With the Greek economic collapse dominating the foreign news lately, this piece from Sunday’s Guardian is well worth reading. American pundits, particularly those on the Right, have used the Greek collapse to push the argument that public welfare programs are inherently bad for a country. And while Greece has had an almost unbelievably generous public welfare system (like a retirement age of 54), there’s another factor that has helped to push the country to the brink of economic collapse – the way the Greeks treat tax evasion as their national pastime.
The Guardian notes that despite the sprawling suburbs that surround Athens, only 15,000 Greeks claim incomes of over 100,000 Euros. When the Greek government tried to use Google Earth’s public access satellite imagery to locate swimming pools in the yards of Greek houses (a sign, apparently, of affluence), Greek citizens invested in fake grass and asphalt nets to disguise their pools from space. Tax evasion is estimated to cost the country 20 billion Euros per year, while a whopping 30% percent of the Greece’s GDP is believed to be on their black (unofficial and untaxed) economy. Obviously, losing that much tax income is going to cause some severe problems for the national economy.

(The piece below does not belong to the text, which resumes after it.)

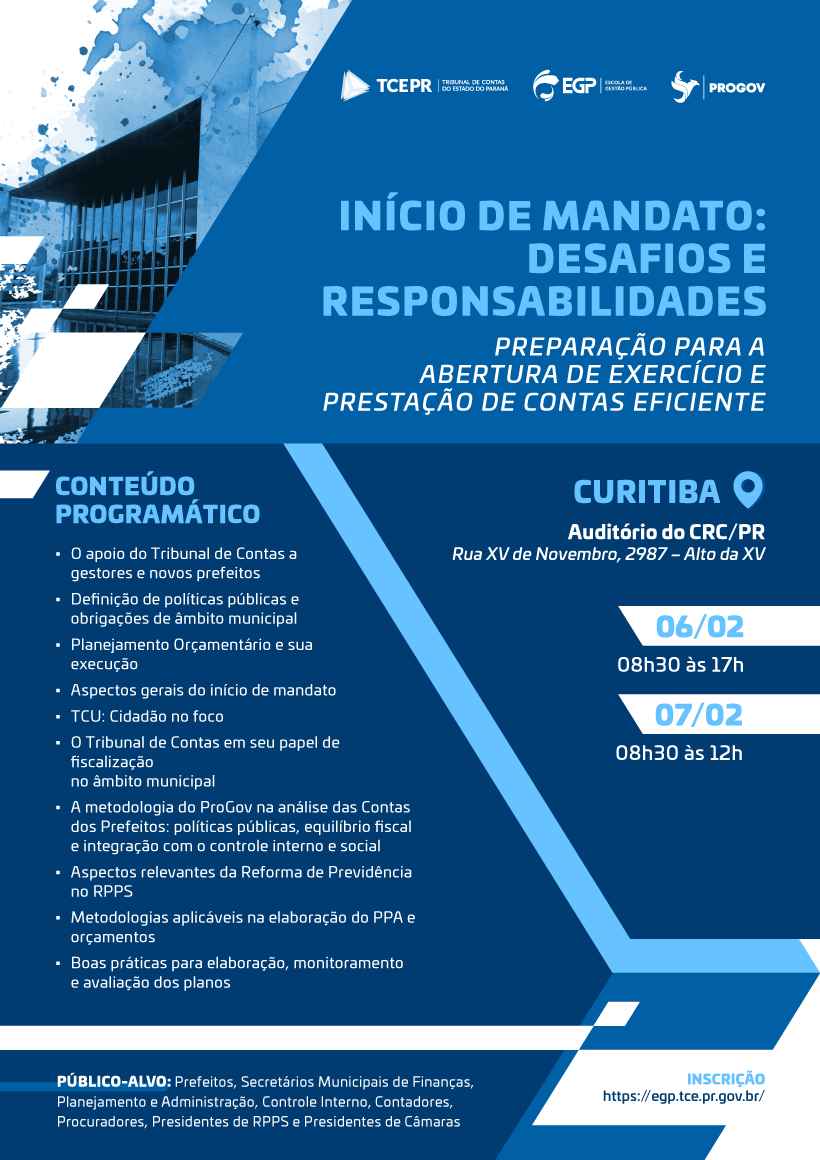 Público-alvo: Prefeitos, Secretários Municipais de Finanças, Planejamento e Administração, Controle Interno, Contadores, Procuradores, Presidentes de RPPS, Presidentes de Câmaras. Próximos eventos: AMSOP - 10 e 11/02; AMEPAR e AMUVI - 20 e 21/02; AMOP - 13 e 14/03; AMSULPAR, AMCESPAR, CANTUQUIRIGUAÇU e AMOCENTRO - 20 e 21/03; AMERIOS e COMCAM - 27 e 28/03; AMUNOP e AMUNORPI - 10 e 11/04; AMUNPAR e AMUSEP - 24 e 25/04.

The Greek attitude towards paying (or more precisely not paying) taxes has left Greece’s last surviving military dictator Brigadier Stylianos Pattakos feeling somewhat vindicated for his anti-democratic rule. “In our time there was no debt. Not one drachma went astray. The Greeks are not disciplined like the Germans or the British. They need authority,” Pattakos was quoted as saying in the Guardian.